High inflation, combined with high unemployment and limited access to mortgage lending, creates the worst possible scenario for working families. With fewer opportunities for stable employment and more people facing financial struggles, the gap between the rich and the poor is set to widen. Economic exploitation, in this case, becomes even more pronounced, as the wealthy can leverage their resources more aggressively to take advantage of the vulnerable.
The ramifications of these policies are far-reaching.
A family home is the most democratized asset in the United States. And for many everyday citizens, home ownership is virtually the only hope they have to build family, community, and generational wealth. The inability to purchase a home will not only have immediate consequences; it will impact the financial stability of future generations.
In a world where permanent capital controls a significant portion of the housing market, the possibility of creating a permanent rental class becomes very real. Corporations won’t have kids and need to sell a starter home to move into something bigger. Venture Capital groups will never need to downsize after the children are all grown up and the nest is empty. The situation can become frozen. This means that an ever-growing number of people will be forced to rent homes for their entire lives, further widening the wealth gap and ensuring that generational wealth remains inaccessible to growing numbers of families.
Just as it was in ancient Israel, it may be in the not-too-distant American future: After selling our land to exploiters, they will be free to continue taking advantage of families by increasing rents while decreasing quality and service, since there will be no other options available. The power dynamic will shift heavily in favor of the wealthy, and this could lead to a dangerous, generational cycle of exploitation and decline in social mobility. The outcry from the people of Nehemiah’s day echoes loudly in our own time, “we are subjecting our sons and daughters to slavery…but we are powerless because our [housing] belongs to others”.

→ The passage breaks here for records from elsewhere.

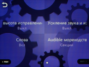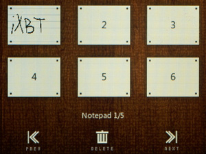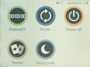 Здесь стоит упомянуть об изменениях в интерфейсе. Если ранее под палец было «заточено» только главное меню, которое было представлено традиционными квадратными иконками, то теперь это многооконное меню, пролистываемое пальцем. В одном окне — музыка, видео, радио, картинки и текстовый просмотрщик, в другом — браузер файлов, флеш-плеер, диктофон, вызов настроек, в третьем — разные бонусные функции, представленные в данной модели секундомером, калькулятором, записными книжками — одна рукописная, другая — с виртуальной QWERTY-клавиатурой. И на последнем, четвертом экране можно быстро сменить ориентацию дисплея, яркость (от 1 до 10), тему оформления (их всего две), отправить плеер в спящий режим (это можно сделать и механической кнопкой). Помимо главного экрана, на управление пальцем стали ориентированы и все остальные функции плеера.
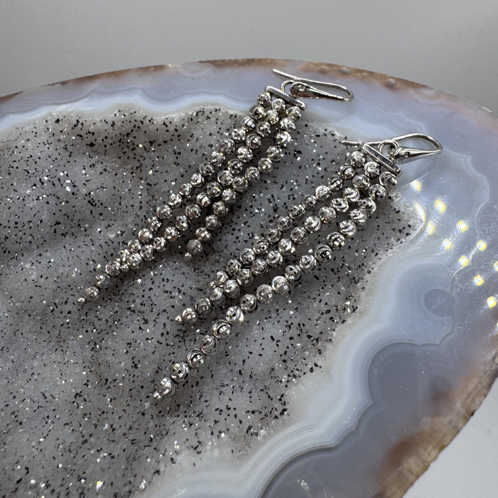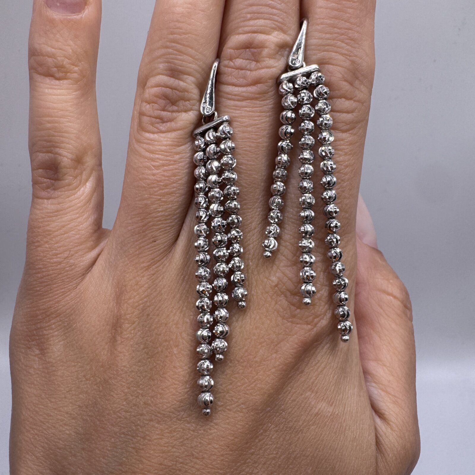 Sterling Silver 925 Dangling Earrings featuring cascading strands of diamond-cut beads for a sparkling, elegant finish.
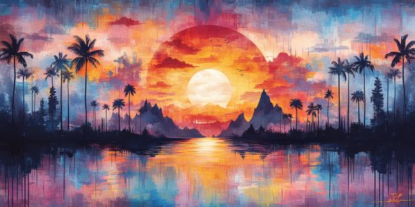 Title: Vibrant Sunset Over Tropical Landscape: A Canvas of Colors Photo ID: 70511 |
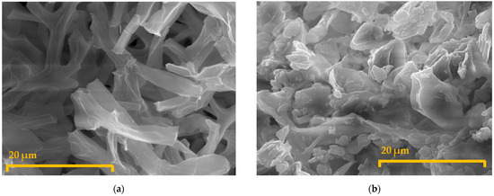 Second, the fumaric acid accumulation over the mycelium surface was studied through a SEM-EDS analysis. For this purpose, several biomass samples were obtained at several experimental time values and observed, providing high-definition images of hyphae (Figure 8) and an approximate quantification of carbon composition in the biomass. Comparing Figure 8A and Figure 8B, it can be seen how micro crystals were precipitated on the mycelium surface.
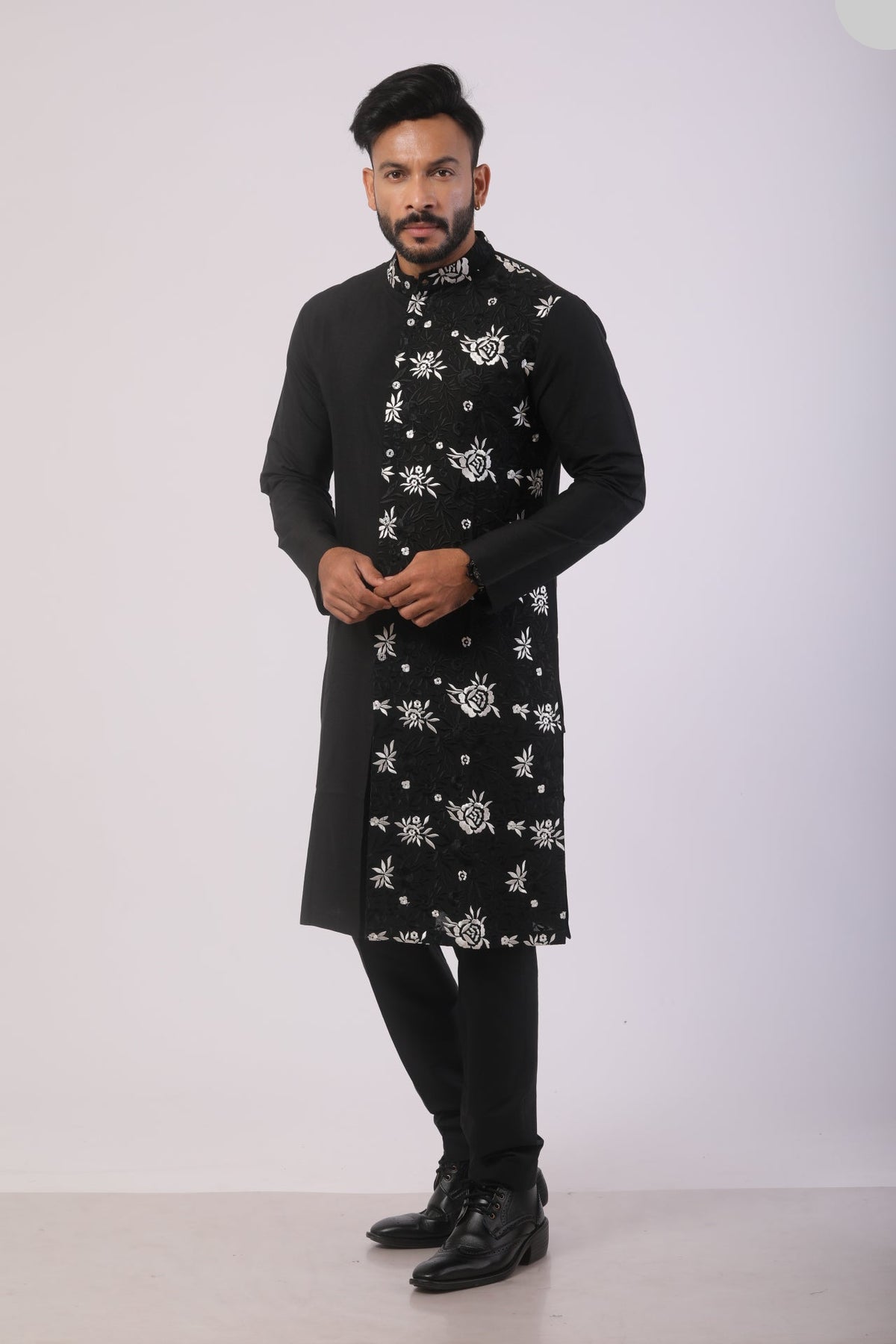 Paired with a straight-fit pant in matching Katan Silk, the set ensures comfort, durability, and an effortlessly classy appeal. Perfect for weddings, formal celebrations, festive gatherings, and high-end traditional events.
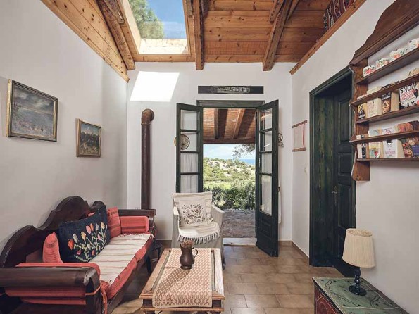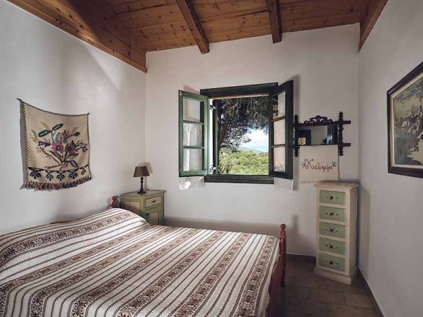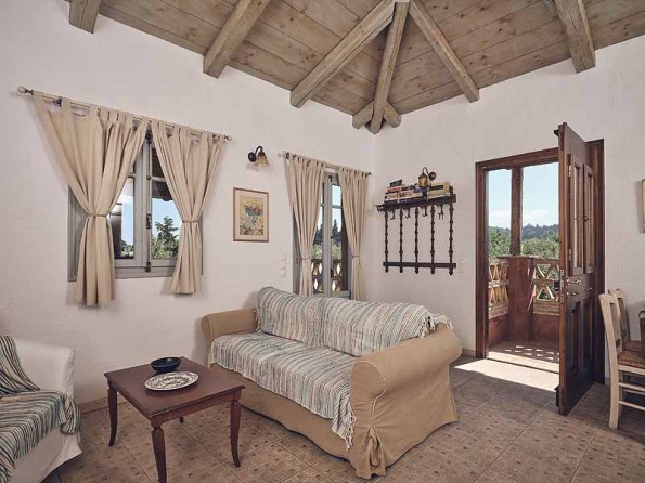 Agrili is set in the Rizes olive grove and can sleep up to five people. In its 80sq.m. it has two air conditioned bedrooms (1 double and 1 twin bedded), spacious sitting room with fireplace and extra bed for a fifth person, fully equipped kitchen (electric stove and oven, fridge-freezer, kettle, toaster, electric coffee pot) and bathroom WC. There’s also a washing machine and iron / ironing board. The house is cleaned and linen changed twice a week.

The first five verses of Nehemiah chapter 5 are quoted above. But, having considered the injustice being done in the housing market, a responsible observer might relate more closely with verse 6:
“And I became very angry when I heard their outcry and these words.”

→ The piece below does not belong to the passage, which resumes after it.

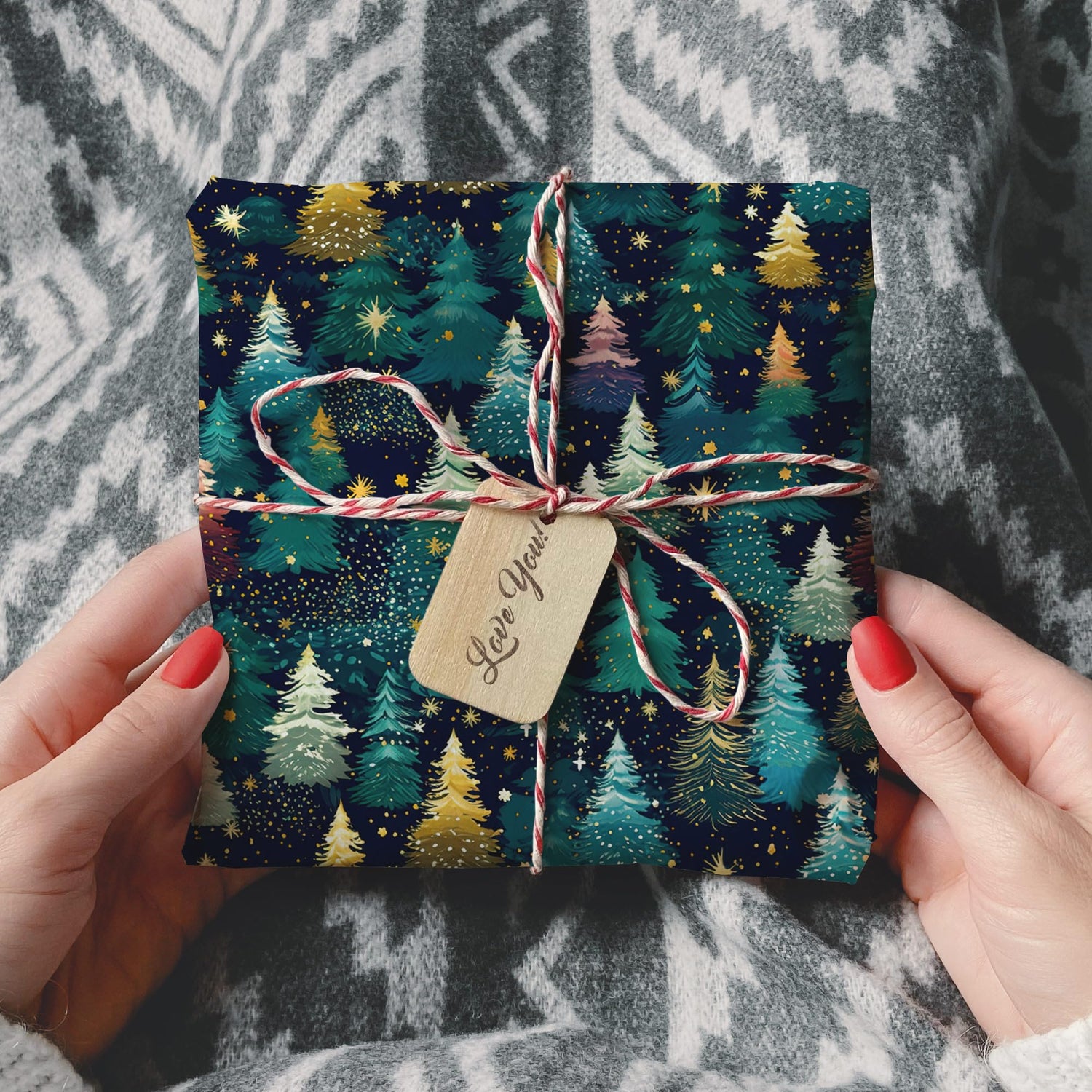 - Colorful Tree Designs: our Xmas wrapping paper features colorful Christmas trees set against a starry night sky. The vibrant colors, intricate details, and magical atmosphere create a visually appealing and festive design

Nehemiah serves as a model for those of us in the church. We must, as he did, “rebuke” the exploiters among us. We must advocate strongly for the needs of the poor and demand an end to economically exploitative practices. And we cannot wait until this injustice has had its full effect. It will surely prove significantly more challenging for us to demand the return of lands from permanent capital than it was for Nehemiah to demand the return of land from fellow Jews. Advocacy now can prevent a reality-altering crisis that looms just over the horizon, threatening the economic viability of generations to come.